‘Would you like some juice or coffee or something?’ said Mrs Rusham, pausing on her way to give Willow’s writing room a thorough clean so that it would be ready whenever she felt like working again.
‘I don’t think I need anything at the moment,’ said Willow, looking up from the paper. ‘What do you think of this woman?’
Mrs Rusham took the Daily Mercury from her, put on her spectacles and looked at the photograph.
‘It’s hard to tell,’ she said at last. ‘She looks well dressed, pleasant, intelligent. Quite stylish, too. And that short upper lip somehow suggests a sense of humour.’
Mrs Rusham did not ask why Willow wanted her reactions, but she looked curiously at her as she handed back the newspaper.
‘It’s been suggested that she was involved somehow with the dead obstetrician.’
‘Oh, I see.’ Mrs Rusham looked over her shoulder at the photograph again, but she could not see anything else at all useful in it.

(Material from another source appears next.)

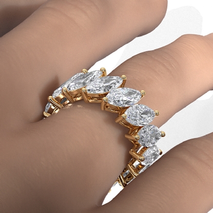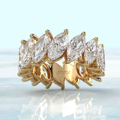 This carat marquise cut eternity band is stunning and unique. The marquise cut lab grown diamonds in this eternity band are set in shared prong setting handmade in 14k Gold Yellow with IGI Certified. This wedding band is the perfect match for our engagement rings. Also available in 14k & 18k white gold, yellow gold, rose gold and platinum 950. If you don't find your desired jewelry, please don't hesitate to contact our designer to make your custom jewelry design. (8.4Ct. tw.)

Willow flicked through the rest of the Daily Mercury until Lucinda began to whimper and then cry loudly. Willow dropped the newspaper, trying hard not to feel that she had been unfairly interrupted, picked Lucinda up and started to feed her. The telephone rang twice in quick succession but Willow ignored it.
Half an hour later Mrs Rusham returned, carrying a tray with a glass and a jug of fruit juice.

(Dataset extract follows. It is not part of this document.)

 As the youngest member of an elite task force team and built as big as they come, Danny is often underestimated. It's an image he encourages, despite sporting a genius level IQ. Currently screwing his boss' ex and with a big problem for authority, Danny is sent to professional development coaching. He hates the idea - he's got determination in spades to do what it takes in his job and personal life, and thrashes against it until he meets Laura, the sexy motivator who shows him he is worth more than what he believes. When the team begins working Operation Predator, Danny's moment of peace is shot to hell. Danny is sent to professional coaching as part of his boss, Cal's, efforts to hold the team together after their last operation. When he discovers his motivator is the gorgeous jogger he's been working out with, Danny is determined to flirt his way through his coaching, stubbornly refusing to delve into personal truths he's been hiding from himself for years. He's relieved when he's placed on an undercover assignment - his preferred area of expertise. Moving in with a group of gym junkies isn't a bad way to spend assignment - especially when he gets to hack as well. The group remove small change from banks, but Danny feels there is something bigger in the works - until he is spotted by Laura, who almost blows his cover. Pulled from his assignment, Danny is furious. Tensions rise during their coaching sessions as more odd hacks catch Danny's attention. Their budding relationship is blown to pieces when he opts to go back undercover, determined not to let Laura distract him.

‘I know you said you didn’t want any, but I thought you might get thirsty later,’ she said quietly, putting the tray down on Willow’s bedside table.
‘That was kind. It looks delectable. Who was it ringing up?’
‘Your agent, wanting to know how you and Lucinda are and whether she could come and visit you, and Mr Crescent asking the same.’
‘How nice of them! What did you say?’
‘That I would ring them back when I had spoken to you. I didn’t want to disturb you while you were feeding Lucinda.’
‘Mrs Rusham, you are a jewel. I’d like to see them whenever they can come. Well, perhaps not just after lunch; I’m getting very attached to the siesta habit. And the health visitor’s due at three-thirty. But any other time. Can you fix with them so that they don’t clash?’
‘Certainly.’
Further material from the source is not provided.